Health Topics : Bowel Movements

h2. Weird Stools

Your baby’s stools will probably change in color, softness, and frequency from time to time. Also, different babies have different bowel habits. Some have a stool with every feeding, others may have one stool every few days. The consistency and color varies from day to day.

When you come home from the hospital, your baby may still be having the thick, dark, greenish, meconium stools. These will go away in the first few days at home. Usually breastfed infants have liquid, yellow, or mustard-colored stools with whitish cottage cheese-like seeds in them. If you’re breastfeeding your baby, don’t interpret runny stools as a sign of diarrhea. The stools of a formula fed infant are yellowish-tan and tend to be thicker than those of the breast-fed baby. All babies will occasionally have green, brown, or lighter colored stools. Your child may have diarrhea if the stools are of larger volume and frequency or if the urine output has decreased and your child appears ill. Please call us if there is any blood in your child’s stool.
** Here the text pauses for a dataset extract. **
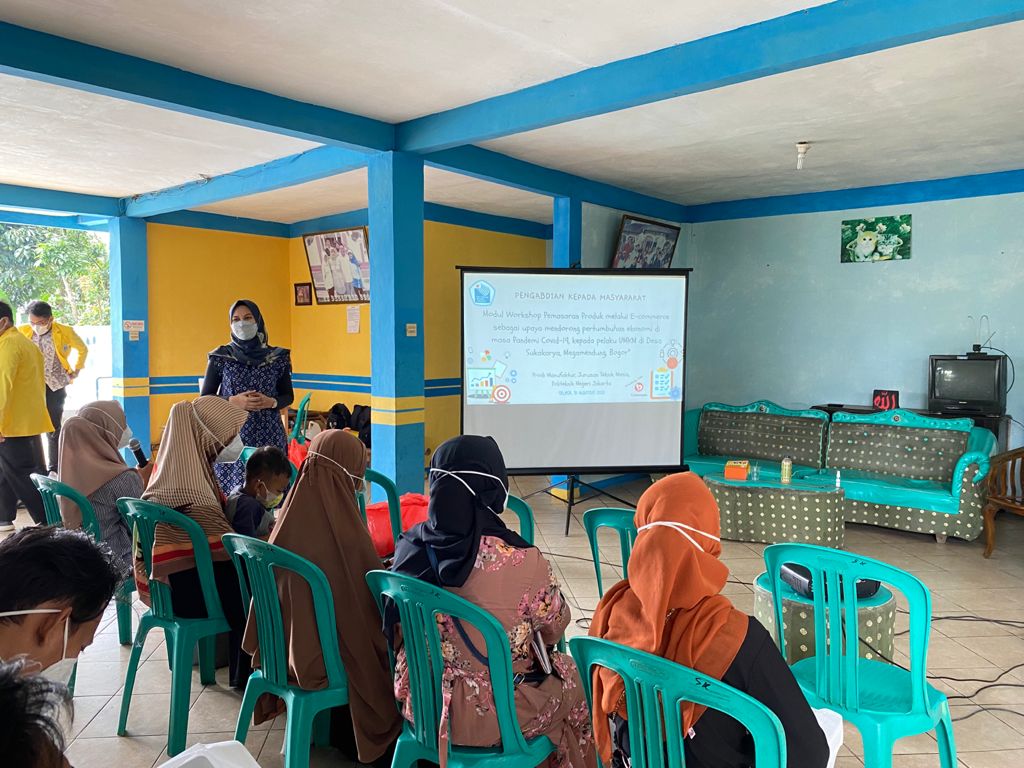 INDONESIAUPDATE.ID – “Beralih ke online menjadi solusi terbaik bagi para pelaku UMKM untuk dapat bertahan dari pandemi Covid-19”, berangkat dari gagasan itulah yang mengantarkan dosen-dosen Program Studi Manufaktur, Jurusan Teknik Mesin, Politeknik Negeri Jakarta untuk melakukan pengabdian masyarakat ke Desa Sukakarya, Kec. Megamendung, Kab. Bogor.

As long as your baby seems happy and content, is eating normally, and has no signs of illness, don’t worry about minor changes in the stools. If he strains, grunts or turns red in the face before or while having a bowel movement, this can also be normal. The “hardness” of the stool is a more reliable indicator of constipation than the frequency.

h2. Constipation

At some point during your baby’s first year, he will probably suffer from some constipation. After the first few weeks of life, it is perfectly normal for your child to stool once every two to four days and it is perfectly normal for them to strain and grunt (you try pooping laying down!). As long as the stools are as soft as peanut butter you have nothing to worry about. If the stools are hard or there are little streaks of blood on the outside of the stool, then your baby may need some help. You can start by adding one teaspoon of any type of prune juice to every one ounce of formula, three to four times per day. Try this for several days. If the stool does not soften, then try adding one teaspoon of Karo syrup (use dark corn syrup, available in the baking section of any grocery store) to every one ounce of formula, three to four times per day. Try this for several days. If this does not work or your baby is in too much discomfort to wait for these methods to work, please come and see us in our office.